Anping Bridge: Known as “the longest bridge under heaven.” The Qianlong Edition details its five-mile maintenance funding—local clans and overseas merchants dominated public infrastructure.

Where did the money for bridges come from? That itself tells us how organized Quanzhou society was.

Imperial Exams and Commerce: What After Getting Rich?

Quantitative analysis of Jinshi numbers in Jinjiang, Tong’an, and Hui’an reveals a pattern:

Regions with more active maritime trade tended to have higher imperial exam outputs.

What does this tell us?

After making money from maritime trade, merchant families invested in education—“donating fields to promote learning.” The next generation entered officialdom through exams, forming a “Merchant-Scholar-Official” closed-loop network.

Quanzhou’s academies weren’t just educational institutions—they were spaces where local elites performed social governance. Many trans-border clan connections were established through academies and ancestral halls.

Quanzhou people used business wisdom to manage families, family capital to manage education, and education to achieve class mobility.

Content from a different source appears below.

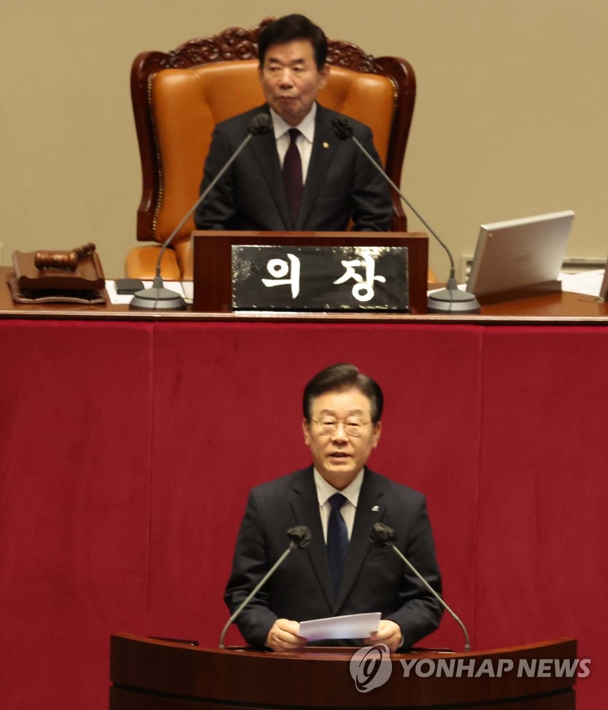 ▲ Rep. Lee Jae-myung (bottom), head of the main opposition Democratic Party, asserts the injustice of the prosecution's request for parliamentary consent to his arrest on a series of corruption charges during a plenary session of the National Assembly in Seoul on Feb. 27, 2023, prior to a parliamentary vote regarding the matter. (Yonhap)

Museum of World Religions: Mazu Was More Than Faith

Quanzhou is widely recognized as the “Museum of World Religions.”

In the “Temples and Monasteries” chapters of both Wanli and Qianlong editions, Buddhism, Taoism, Islam, and Manichaeism coexisted.

Qingjing Mosque: Records the settlement and religious maintenance of Arab merchants in Quanzhou.

Cao’an Temple: The world’s only surviving Manichaean stone carving, detailed in the Quanzhou Antiquities Gazette.

The records of titles granted to Mazu (Goddess of the Sea) reflect the state’s co-option of maritime power. Mazu was not just the fishermen’s protector—she was a barometer of maritime policy.

What Digital Humanities Can Tell Us

Facing this massive 33-volume collection of Quanzhou gazetteers, traditional reading can’t fully unlock their deep value.

Three research directions:

  1. Spatiotemporal Place Name Correlations: Using historical place names to build dynamic migration maps of “Millennial Ancient Villages” with modern GIS.

  2. Dialects and Migration Paths: The Quanzhou Dialect Gazette records the unique phonology of Quanzhou dialect (core Hokkien). Comparing variants in Taiwan and Southeast Asia outlines authentic migration routes since Qing.

  3. Anomalies and Little Ice Age Studies: “Auspicious and Ominous Events” records in gazetteers are key to climate history. Quantifying typhoons, droughts, and earthquakes reveals how environmental changes affected southeast coastal social stability.


The Quanzhou Prefecture Gazette belongs not only to the past but to the future.

When we piece together fragments like “taxation, population, bridges, academies, and beliefs,” a vivid, trans-boundary Quanzhou truly emerges.

In the digital era, every line of a gazetteer is code waiting to be parsed. Through deep interpretation, we understand not just history, but how maritime civilization shaped the Minnan of today.